Re: "Culturebox: Summer Internment—How To Market Pearl Harbor in Japan"

From:
Thrasymachus

Date: Fri May 11  12:55 p.m. PT

There are two Japanese trailers for the film Pearl Harbor, one of which includes the full "Date which will live in infamy" speech, as well as some language which didn't even make it into the American trailer about America "never falling victim to such treachery again" or something to that effect. Why? Because the overall effect of FDR waxing indignant about the treachery of the attack will mostly just underscore the fact that Pearl Harbor was, in fact, one of the most effective surprise assaults in military history; and to the Japanese moviegoing audience (which I'm guessing is the same teen-age male demographic as its American counterpart) the thrill of seeing a Japanese military victory will far outweigh the purported embarrassment of being cast as national villains.

[Find this post here.]

Fray Notes

We liked "The Breakfast Table" last week: David Gardner, writing about the Fray, said that "interactivity is at the heart of … what we love about the Internet," and his brother Tom replied that it "enables the sort of open, inclusive conversation that allows Arthur Stock to challenge you, you to respond, thousands to read, others to respond." Well exactly, although Zeitguy believes the Gardners thought the name Stock was made up to attract their attention. Fray regulars know better and know that he is not just "some guy," as Tom Gardner also referred to him. Read Arthur's post here. There was also a great discussion on what the Fray has to offer, and who the real experts are, here.

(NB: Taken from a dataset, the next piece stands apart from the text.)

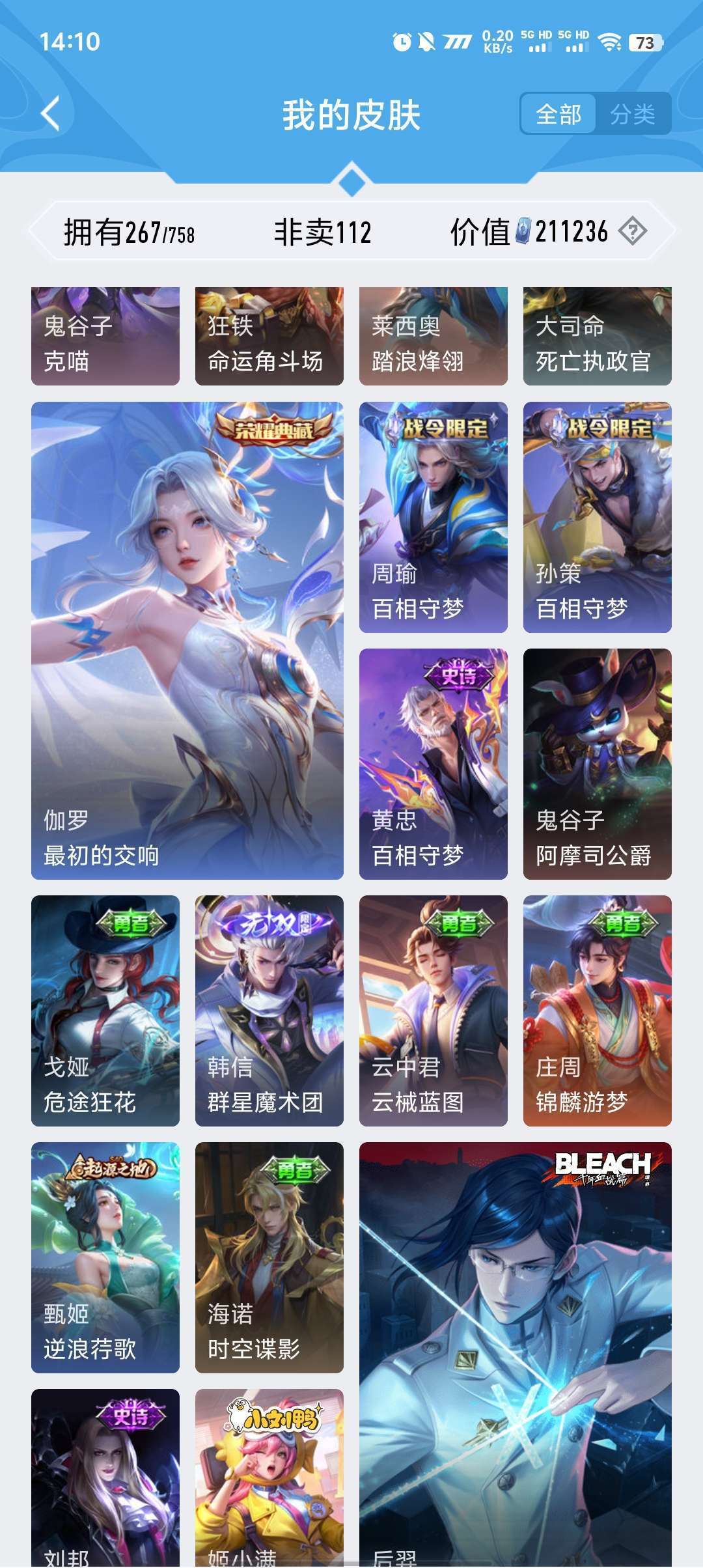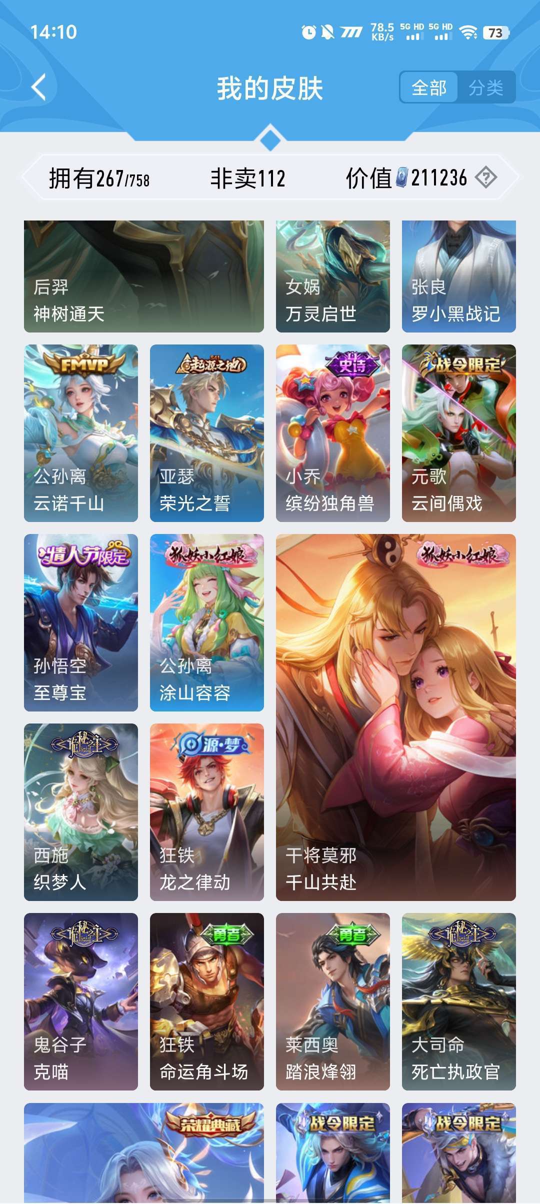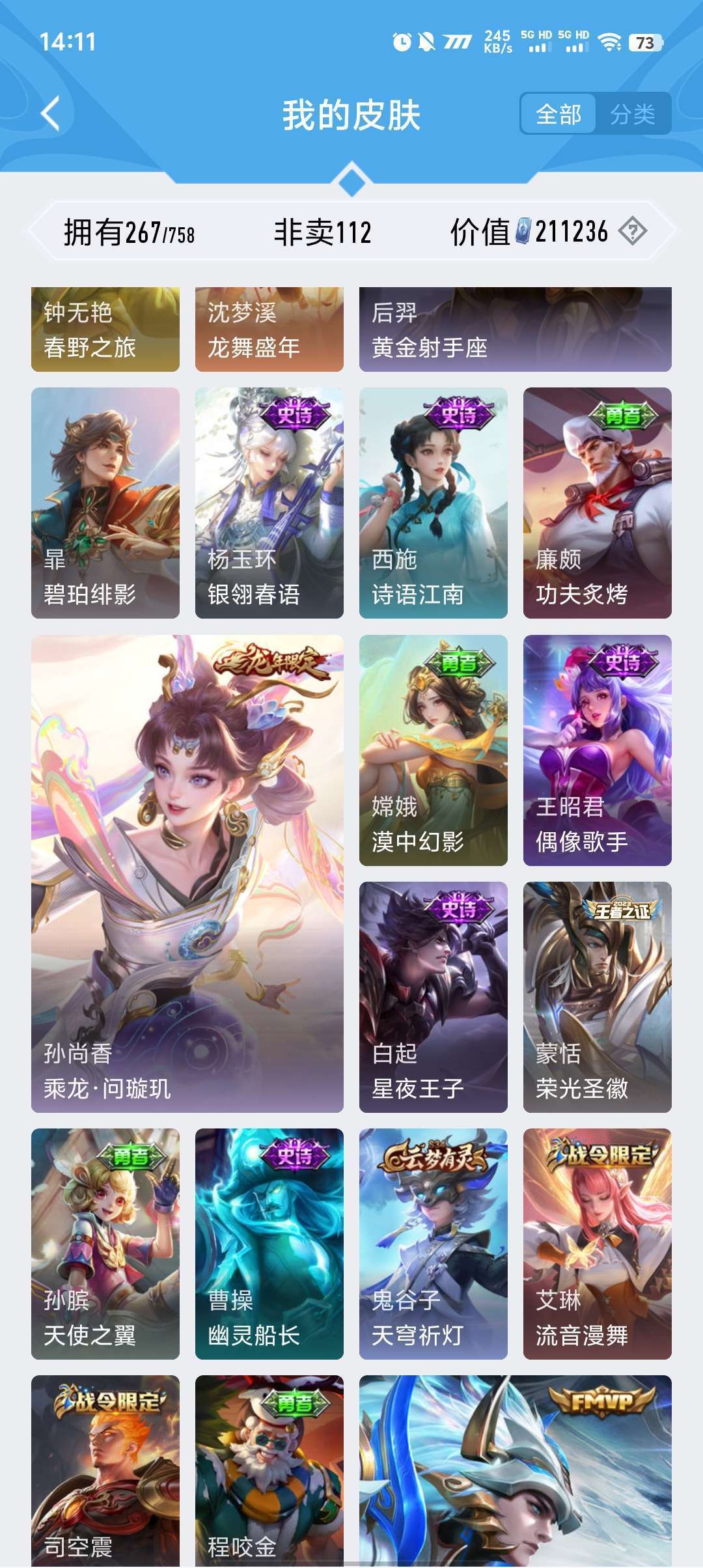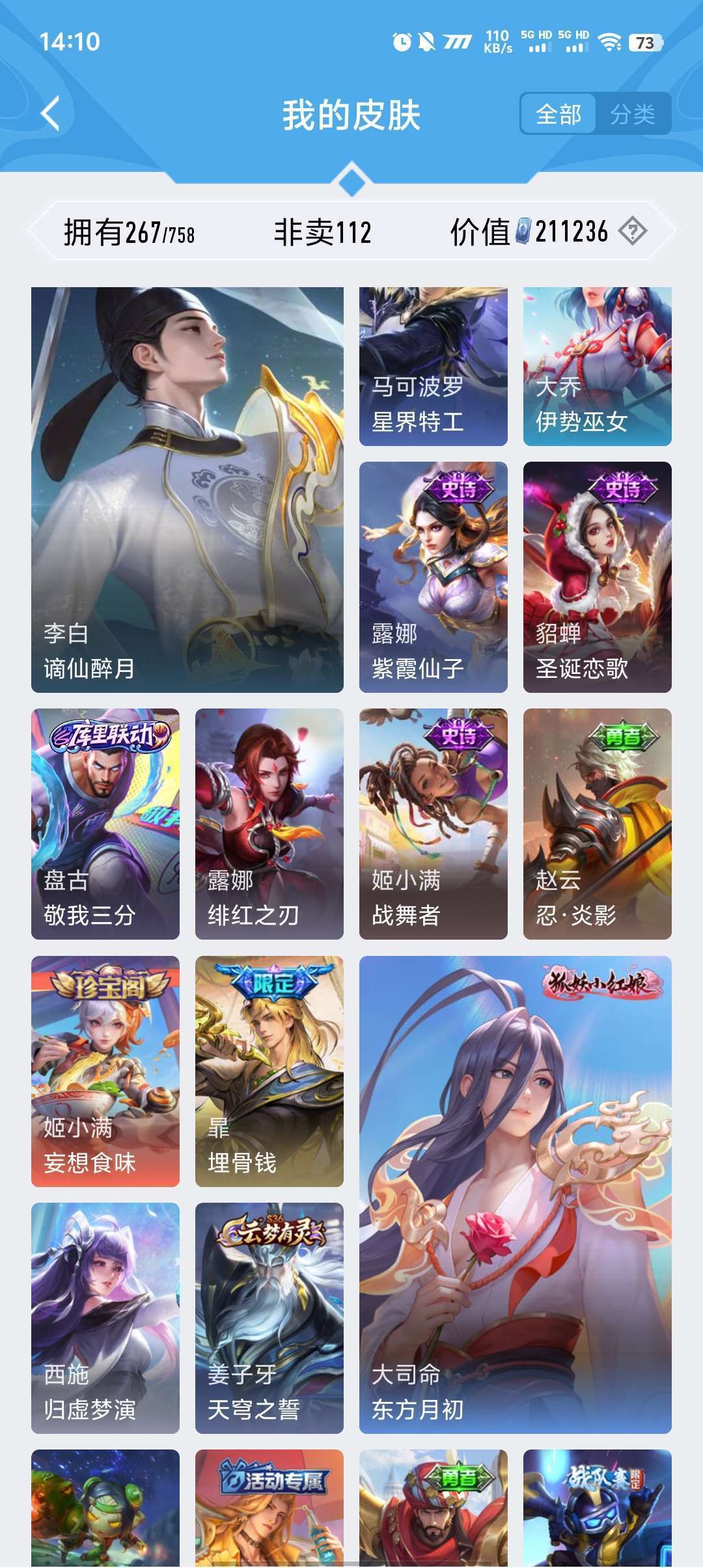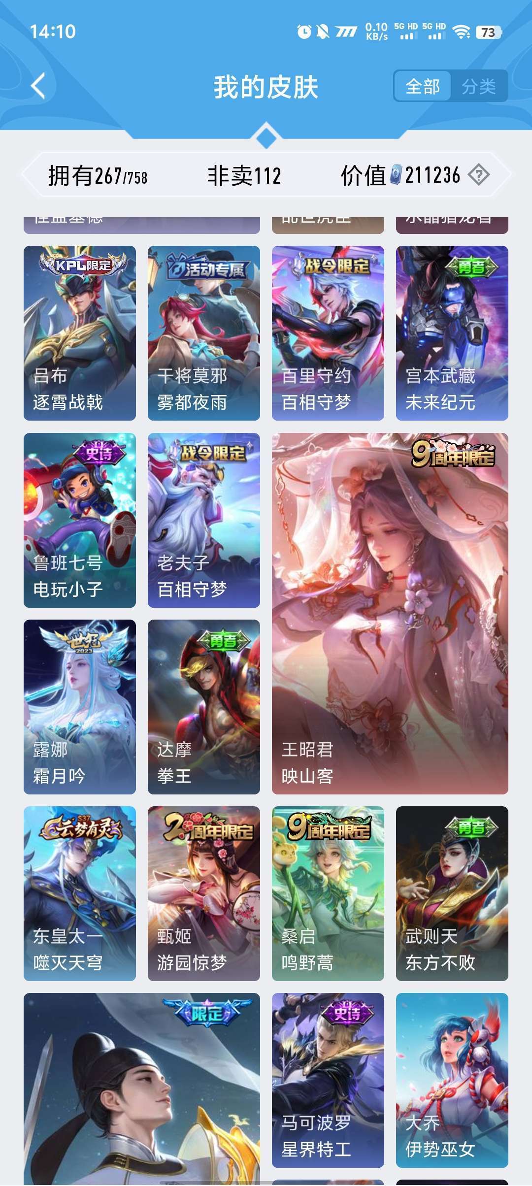 【V8 267皮】1典藏✔1无双✔1珍品✔21传说李信 山海·炽霜斩后羿 黄金射手座澜 电玩·雷克斯

Meanwhile, Will Jacobs in the "Today's Papers" Fray has concluded that posting makes people nicer. Read here about "open and honest interaction"—just the term we were looking for.

As "Chatterbox" continues to wonder about Disrespecting the Bing, Roger McGuinn (not the Byrds singer, we assume) offered a splendid post on mob slang here, combining scholarly discussion with colloquial language to stunning effect: "[This phrase] is used in the context of emphasizing the immediate dispatch of an issue or problem by the employment of effective ameliorative means. For example, 'E woodent give me da money so I took im by iz …hair and smashed iz face into the grill of iz … car and bada bing bada [boom] ez pullin' 10 large outta iz ... tool box.' " And that's the censored version.

In fact the Chatterbox Fray was full of good lines this week. We liked the final sentence of this post; you can argue with the politics but not, surely, with the splendid structure. But this was our favorite on energy and conservation: "Unfortunately, almost all women think the way [Tim] Noah does, which means I have trouble finding a date, even in Berkeley." Straight to the heart of the matter.